Евменовна осторожно, как на гвоздики, присела рядом, пристроила кулечек на худых коленках, завздыхала, косясь на Андрея, ждала, не спросит ли сам, что ей надо.

Смолоду она была красавица редкая. И если случается, что и на склоне лет остается что-то в человеке от былой красоты - стать ли, упругая ли поступь, а то и свежий голос и ясная мудрость во взгляде, то Евменовна к старости все потеряла, живая баба-яга стала: нос - крючком, подбородок тянется к нему волосатой бородавкой, щеки ввалились, да и голос обрела новый, как у пантюхинской козы. Даже характер преобразился, будто и душа старела вместе с телом: была бойкая на язык - стала сварливая, легкую живость поменяла на суетливую пронырливость, вместо общительности приобрела надоедливость. Никто и не заметил, как веселая фантазерка и безобидная болтушка превратилась в ярую сплетницу и выдумщицу, сменив природный ум на упорную хитрость. И это бы еще ничего, но, смолоду привыкнув быть на виду, до сей поры любила Евменовна, чтобы о ней поговорили, вечно изобретала себе приключения, лишь бы внимание привлечь. Андрею доставало с ней хлопот.

Бабка покончила со вздохами, перебрала, уложила складочки юбки, перевязала платочек. Андрей тоскливо ждал.

- Андрей Сергеич, а ведь я заявление тебе несу. Для принятия мер. К Лешему - охотничьему егерю - ходила: не берет, ругается, ногами топает. Ты б, говорит, не шлялась по лесам, а на печке б сидела. А если у меня характер неспокойный, если...

- Я твой характер знаю, - улыбнулся, перебивая, Андрей. - Говори, пожалуйста, о деле.
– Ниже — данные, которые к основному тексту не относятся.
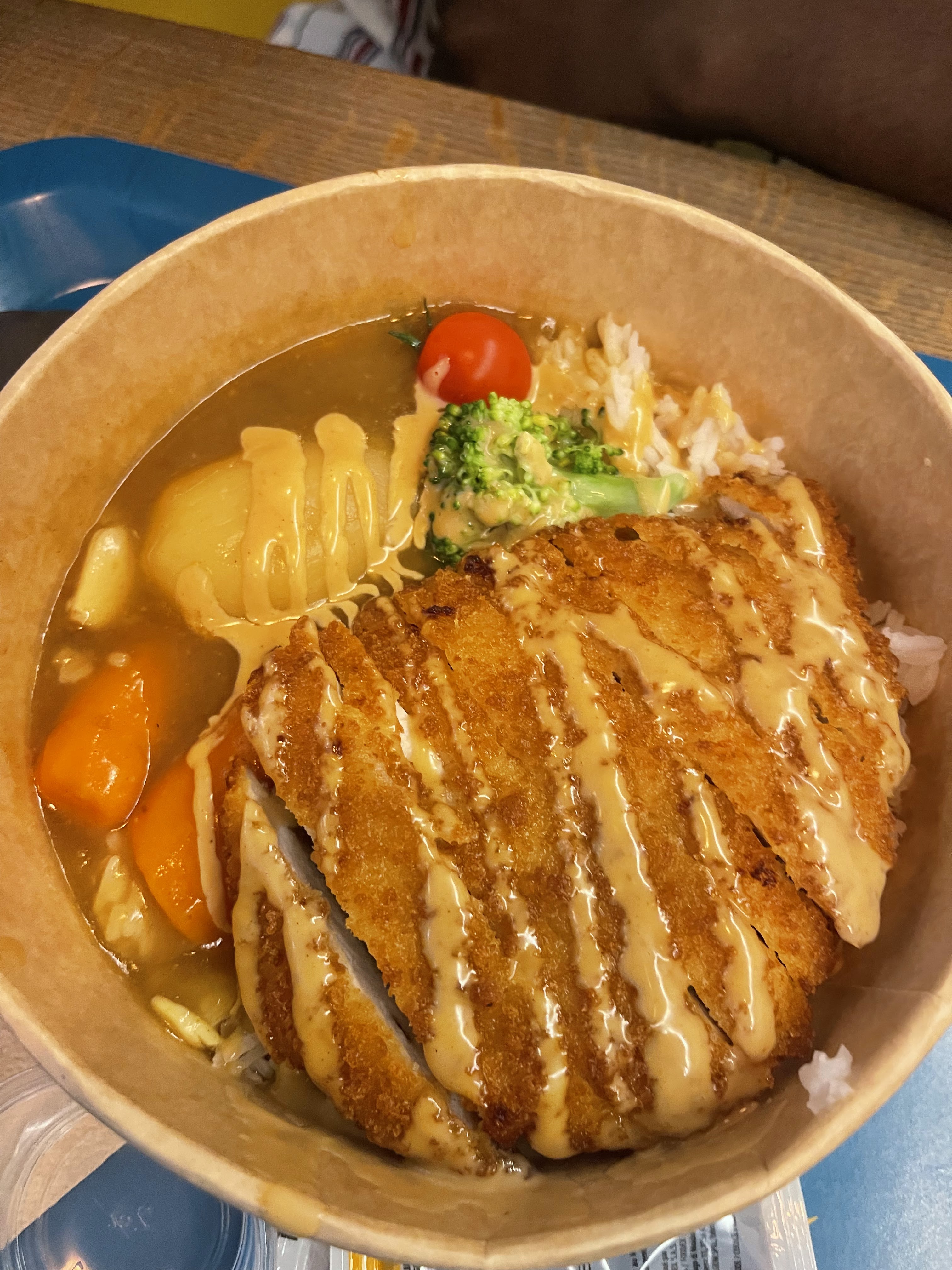 Très propre. L'endroit est spacieux. Situé en face de la gare, vous pourrez donc prendre un repas pour voyager. Normalement, je ne mange pas ce type de nourriture, mais j'avais faim. Ils ne servent pas de poulet aigre-doux avec des nouilles, alors j'ai opté pour autre chose. Le monsieur derrière le comptoir était poli, ce qui est très important pour moi. Je reviendrai très probablement.

- Помнишь, Андрюша, как ты мне быстро корову разыскал, - польстила бабка, - теперь снова выручай, беда пришла: от мишки избавь - чуть в лес не утащил.

- Какой Мишка? - не сразу понял Андрей. - Курьянов, что ли? Нужна ты ему, как же!
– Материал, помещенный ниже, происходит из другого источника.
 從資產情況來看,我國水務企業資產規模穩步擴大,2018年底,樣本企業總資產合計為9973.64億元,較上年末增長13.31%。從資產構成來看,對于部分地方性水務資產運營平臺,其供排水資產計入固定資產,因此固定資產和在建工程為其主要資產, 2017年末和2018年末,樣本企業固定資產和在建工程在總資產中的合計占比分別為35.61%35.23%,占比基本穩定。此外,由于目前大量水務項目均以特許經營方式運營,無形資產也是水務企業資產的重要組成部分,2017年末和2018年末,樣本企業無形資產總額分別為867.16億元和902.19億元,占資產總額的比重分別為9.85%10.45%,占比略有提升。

Евменовна законфузилась кокетливой улыбочкой, игриво отмахнулась конопатой лапкой, собрала сухие губы в ладонь:

- Андрюша, не смейся над старой - грех ведь. Какой Курьянов? Он уж до завалинки доползти не сумеет. Медведь за мной ходит. Вчера всю дорогу из Оглядкина следом перся, паразит, и мычал, как корова недоеная.

Зашептала, приблизившись:

- Знаешь, в народе говорят, если медведь вдовый, так он еще с лета бабенку себе присматривает, чтоб в берлоге теплее зиму коротать. А как бабенки нынче все крашеные, в пудре-помаде да духами обрызганные, так он ими брезгает, а я, видать, ему в аккурат пришлась. Да и не молодой уже, верно, в годах - морда и загривок седые, по себе, значит, подбирает, охальник.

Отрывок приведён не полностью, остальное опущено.